Directions >> No pictures belong in the copy. Set down exactly the lines from the one that contains "This soft, lightweight" through the end of the data.

Recorded data >>
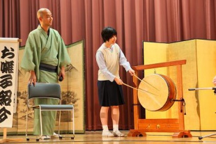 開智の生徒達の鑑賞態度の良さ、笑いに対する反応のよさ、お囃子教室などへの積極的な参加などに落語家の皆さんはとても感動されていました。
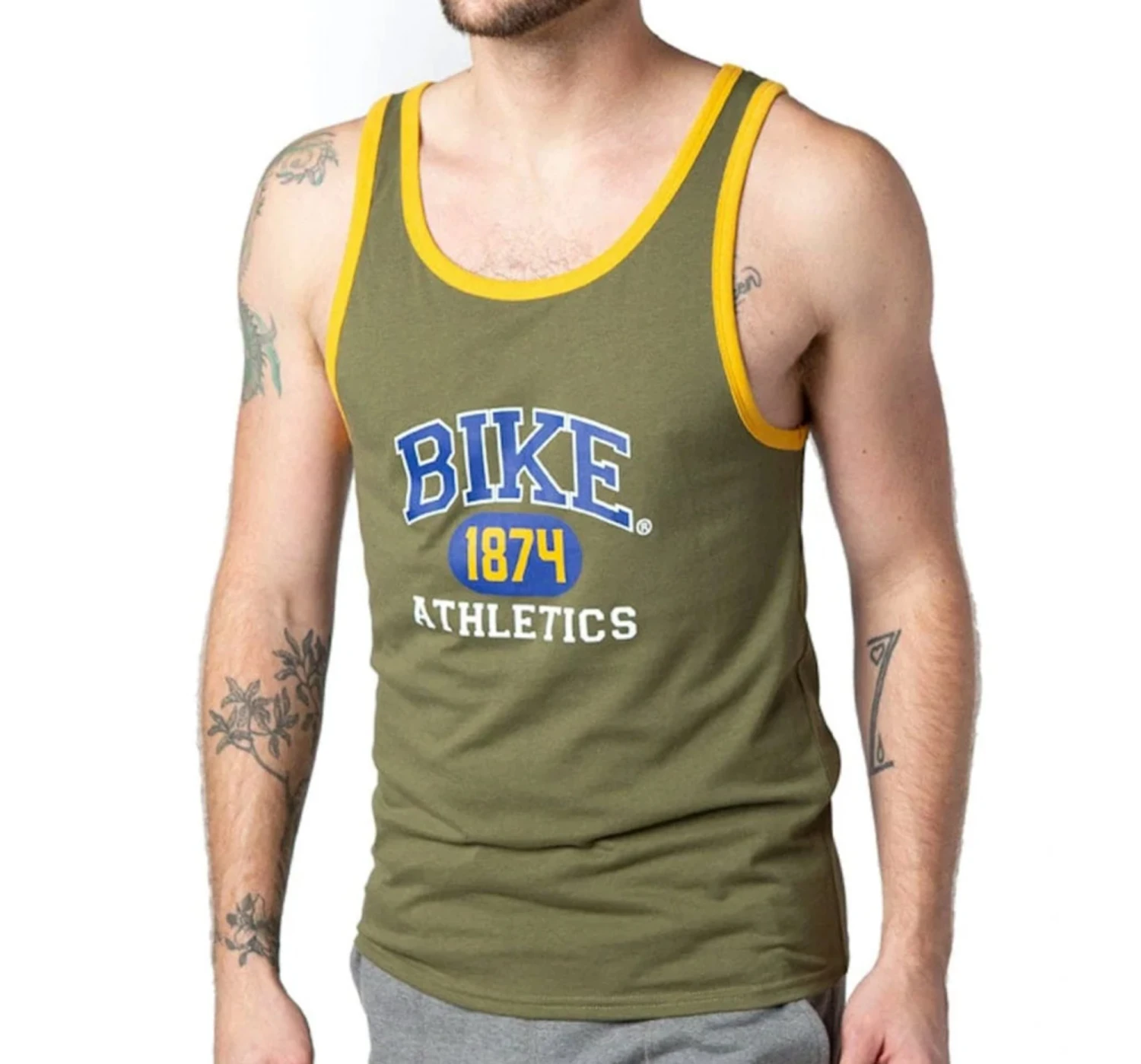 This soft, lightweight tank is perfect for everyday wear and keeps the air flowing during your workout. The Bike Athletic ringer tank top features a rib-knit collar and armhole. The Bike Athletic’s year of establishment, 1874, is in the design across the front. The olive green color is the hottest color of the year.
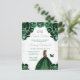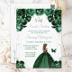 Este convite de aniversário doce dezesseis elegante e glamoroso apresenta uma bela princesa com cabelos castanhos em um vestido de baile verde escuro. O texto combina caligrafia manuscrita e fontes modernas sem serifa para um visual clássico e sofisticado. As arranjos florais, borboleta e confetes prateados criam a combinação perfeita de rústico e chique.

Your solution >>
 This soft, lightweight tank is perfect for everyday wear and keeps the air flowing during your workout. The Bike Athletic ringer tank top features a rib-knit collar and armhole. The Bike Athletic’s year of establishment, 1874, is in the design across the front. The olive green color is the hottest color of the year.
 Este convite de aniversário doce dezesseis elegante e glamoroso apresenta uma bela princesa com cabelos castanhos em um vestido de baile verde escuro. O texto combina caligrafia manuscrita e fontes modernas sem serifa para um visual clássico e sofisticado. As arranjos florais, borboleta e confetes prateados criam a combinação perfeita de rústico e chique.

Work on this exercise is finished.